Search for Malaysia Airlines Jet Bolstered Off Australian Coast

Investigators believe co-pilot was last person heard from on missing plane.

ByABC News
March 17, 2014, 7:57 AM

March 17, 2014— -- The search for the missing Malaysian Airlines jet is showing a new emphasis on areas near Australia with more search planes scouring the region.

Australia is sending two P-3 Orion and one C-130 aircraft to aid in the search effort and a U.S. P-8 aircraft is traveling to Perth, Australia, to help in the hunt.

Australia is coordinating the search in the southern Indian Ocean. The decision for Australia to take the lead was suggested by Malaysia Prime Minister Najib Razak.

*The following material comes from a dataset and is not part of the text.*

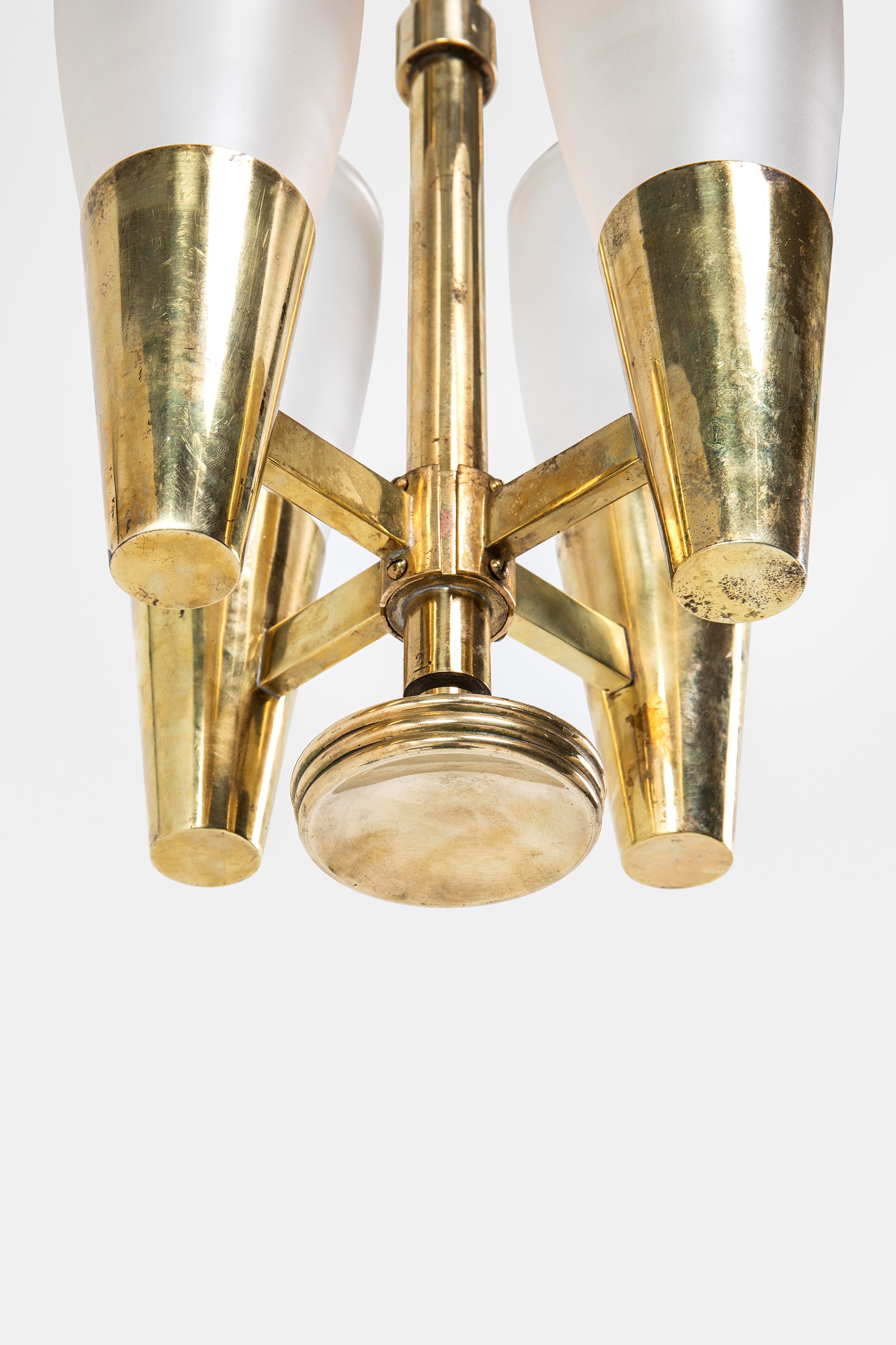 Struttura in ottone e diffusori in vetro satinato.

“In assuming overall responsibility for coordinating the search effort in the southern Indian Ocean, Australia is preparing to work with assets from a number of other countries, including surveillance aircraft from New Zealand and the United States,” Australia Prime Minister Tony Abbott said in a statement.

The hunt for the plane that disappeared more than a week ago with 239 people aboard has defied efforts by more than two dozen countries to unravel the mystery or find any evidence of the Boeing 777 jetliner.

The effort has been compounded by confusing, at times seemingly contradictory statements by Malaysian authorities who are in charge of the search since the plane disappeared shortly after taking off from Kuala Lumpur en route to Beijing.

A news conference in Malaysia this morning regarding the timing and sequence of events in the cockpit included two officials giving seemingly contradictory statements about a critical point: When the plane’s data transmission system known as ACARS was shut down.

Malalysia's transport minister said Sunday and again today that they know ACARS was turned off before someone in the cockpit spoke with Malaysia air traffic controllers as the plane left Malaysian air space. "All right, good night," the person said, giving no indication that anything was wrong with the plane or in the cockpit. Those words were spoken minutes before the plane's transponder was turned off.

Malaysia Airlines CEO Ahmad Jauhari Yahya said today that the plane’s co-pilot, Fariq Abdul Hamid, 27, was likely the person who answered the air traffic controller.

Yahya also said they don't know when exactly the ACARS system stopped. He said there is a window of 30 minutes between the final ACARS transmission and an expected transmission 30 minutes later that never came.

After ACARS and the transponder stopped transmitting, the plane continued to ping satellites for up to seven hours. Those pings identified the plane’s possible last location along corridors to the north or south.

The southern corridor would have taken the plane over open water to a point off Australia's western coast where it would have run out of fuel and crashed into the Indian Ocean.

Other countries are searching the northern route, but that area includes nations whose radar would have likely picked up a sign of the plane, and there have been no reports of the plane being spotted on radar.

The investigation has also focused on the plane's pilots and Malaysian authorities said they are looking at a YouTube video that appears to show the plane's pilot Capt. Zahari Ahmad Shah, 53, going through airport security. The video has not been authenticated and it's not clear if it is on the day flight MH370 vanished.

Investigators combed through the captain's home over the weekend confiscating two laptops and his home flight simulator. He had once proudly posted a video of the simulator on YouTube.

A close friend of the captain, Peter Chong, told ABC News that he was a "tech geek" who simply loved to fly.